___ DATA UNDER STUDY

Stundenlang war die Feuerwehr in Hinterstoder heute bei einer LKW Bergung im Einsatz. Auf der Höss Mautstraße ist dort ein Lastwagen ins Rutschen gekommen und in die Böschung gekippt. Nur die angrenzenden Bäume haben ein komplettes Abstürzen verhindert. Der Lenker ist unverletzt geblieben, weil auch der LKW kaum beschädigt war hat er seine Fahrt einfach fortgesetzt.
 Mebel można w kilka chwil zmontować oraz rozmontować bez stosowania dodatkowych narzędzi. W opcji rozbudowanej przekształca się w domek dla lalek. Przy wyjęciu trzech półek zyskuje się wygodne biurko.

______
___ DATA UNDER STUDY

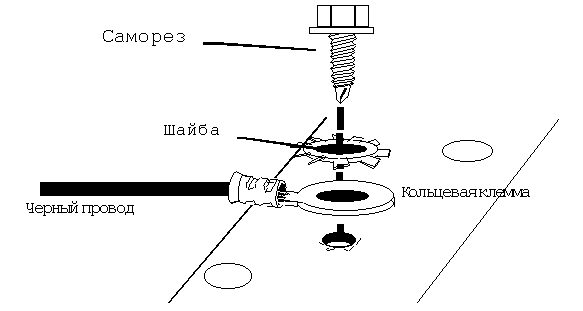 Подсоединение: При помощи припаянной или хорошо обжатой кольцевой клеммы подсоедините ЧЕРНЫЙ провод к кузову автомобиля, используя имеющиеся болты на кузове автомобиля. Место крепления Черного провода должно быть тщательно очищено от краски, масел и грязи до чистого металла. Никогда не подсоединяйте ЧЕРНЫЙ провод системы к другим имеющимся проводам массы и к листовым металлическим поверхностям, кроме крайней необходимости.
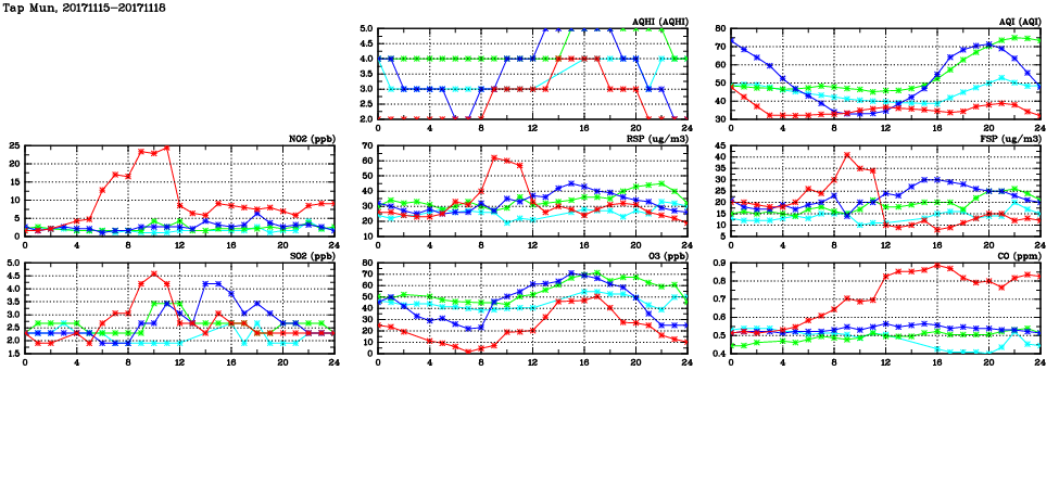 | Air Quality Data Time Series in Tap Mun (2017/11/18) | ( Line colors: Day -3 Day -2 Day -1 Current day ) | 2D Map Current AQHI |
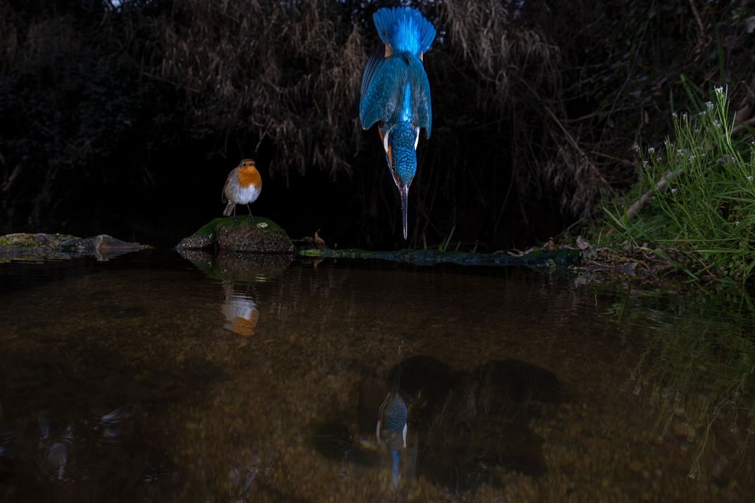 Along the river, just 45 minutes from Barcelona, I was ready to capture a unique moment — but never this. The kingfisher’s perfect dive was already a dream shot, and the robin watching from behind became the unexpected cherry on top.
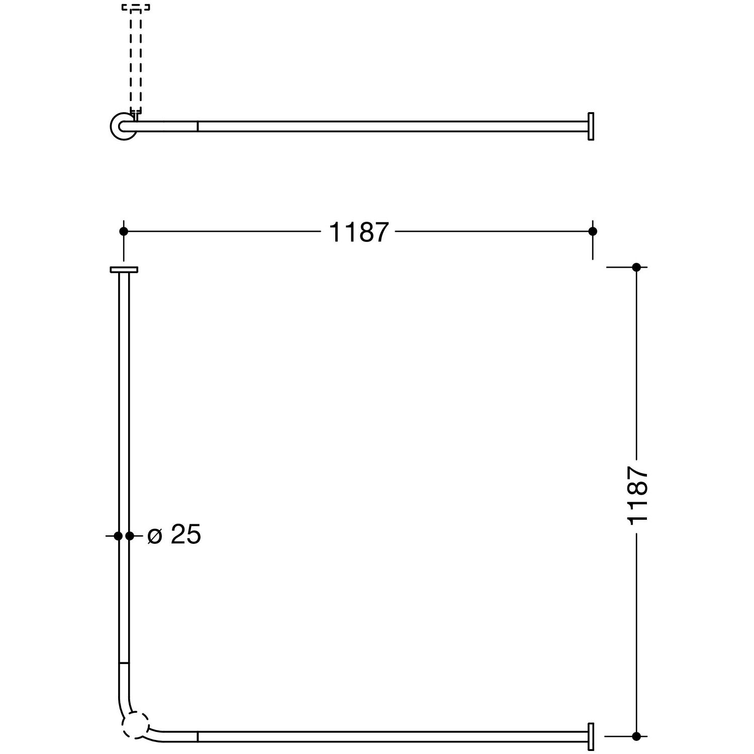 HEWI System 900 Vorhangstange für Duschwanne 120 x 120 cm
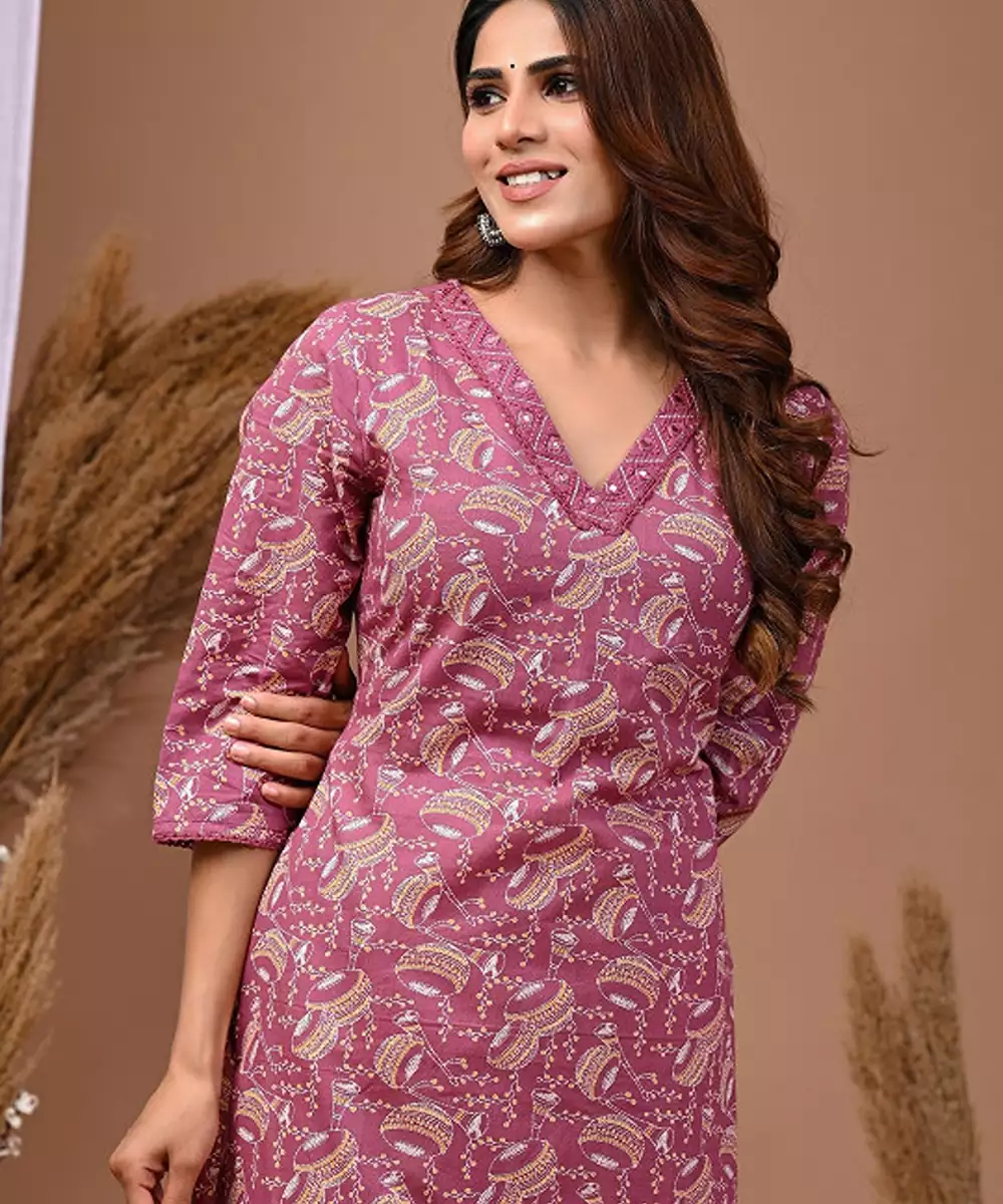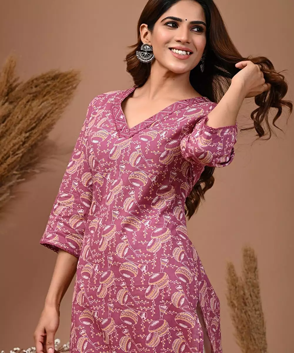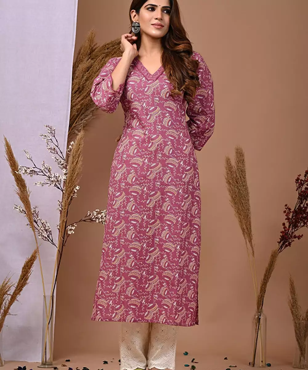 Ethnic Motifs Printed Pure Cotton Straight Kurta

______
___ DATA UNDER STUDY

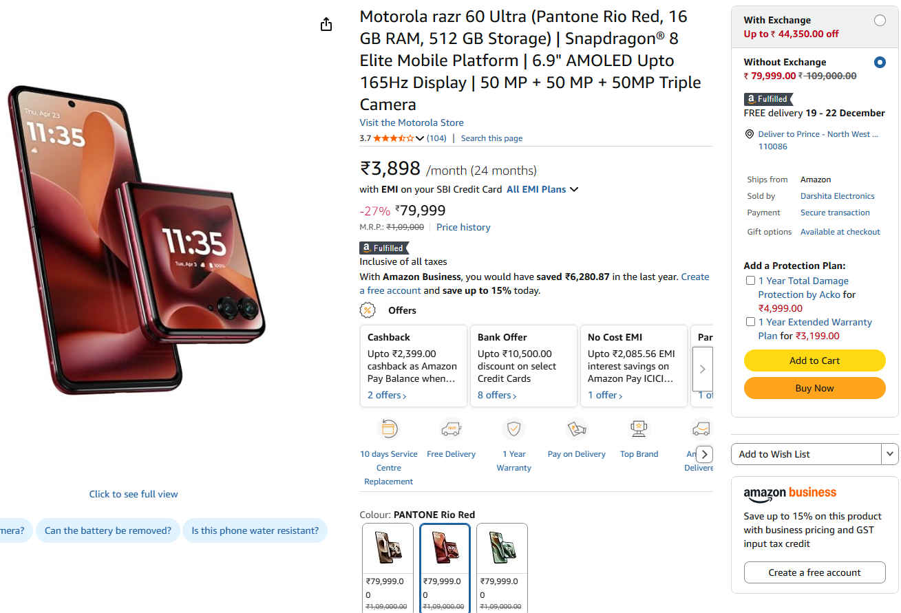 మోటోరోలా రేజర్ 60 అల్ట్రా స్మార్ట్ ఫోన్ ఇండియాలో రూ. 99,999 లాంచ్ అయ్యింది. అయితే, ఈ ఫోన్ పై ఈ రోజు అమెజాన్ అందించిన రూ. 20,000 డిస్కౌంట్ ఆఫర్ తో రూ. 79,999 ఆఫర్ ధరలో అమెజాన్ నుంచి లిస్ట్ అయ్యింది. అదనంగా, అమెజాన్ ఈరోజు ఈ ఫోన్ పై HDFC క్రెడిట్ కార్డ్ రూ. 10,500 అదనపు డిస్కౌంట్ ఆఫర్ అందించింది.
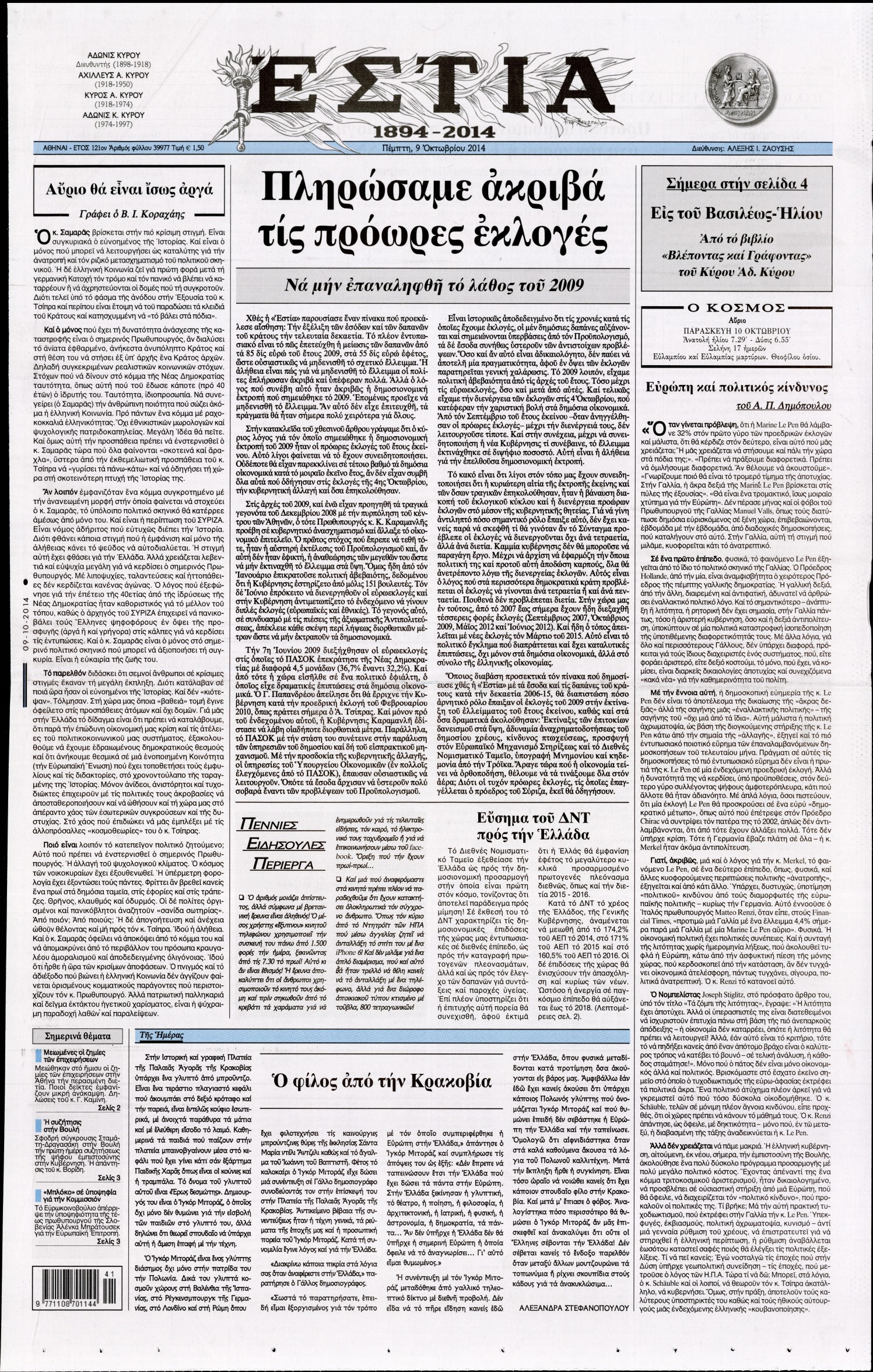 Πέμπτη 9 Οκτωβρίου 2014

______

## [WHAT YOU WILL DO]
Give again, exactly as written above, every line from the one holding "Current AQHI |" to the one holding "Ethnic Motifs Printed", with both ends kept and the pictures left out.

## [SOLUTION TO THIS EXERCISE]
 | Air Quality Data Time Series in Tap Mun (2017/11/18) | ( Line colors: Day -3 Day -2 Day -1 Current day ) | 2D Map Current AQHI |
 Along the river, just 45 minutes from Barcelona, I was ready to capture a unique moment — but never this. The kingfisher’s perfect dive was already a dream shot, and the robin watching from behind became the unexpected cherry on top.
 HEWI System 900 Vorhangstange für Duschwanne 120 x 120 cm
 Ethnic Motifs Printed Pure Cotton Straight Kurta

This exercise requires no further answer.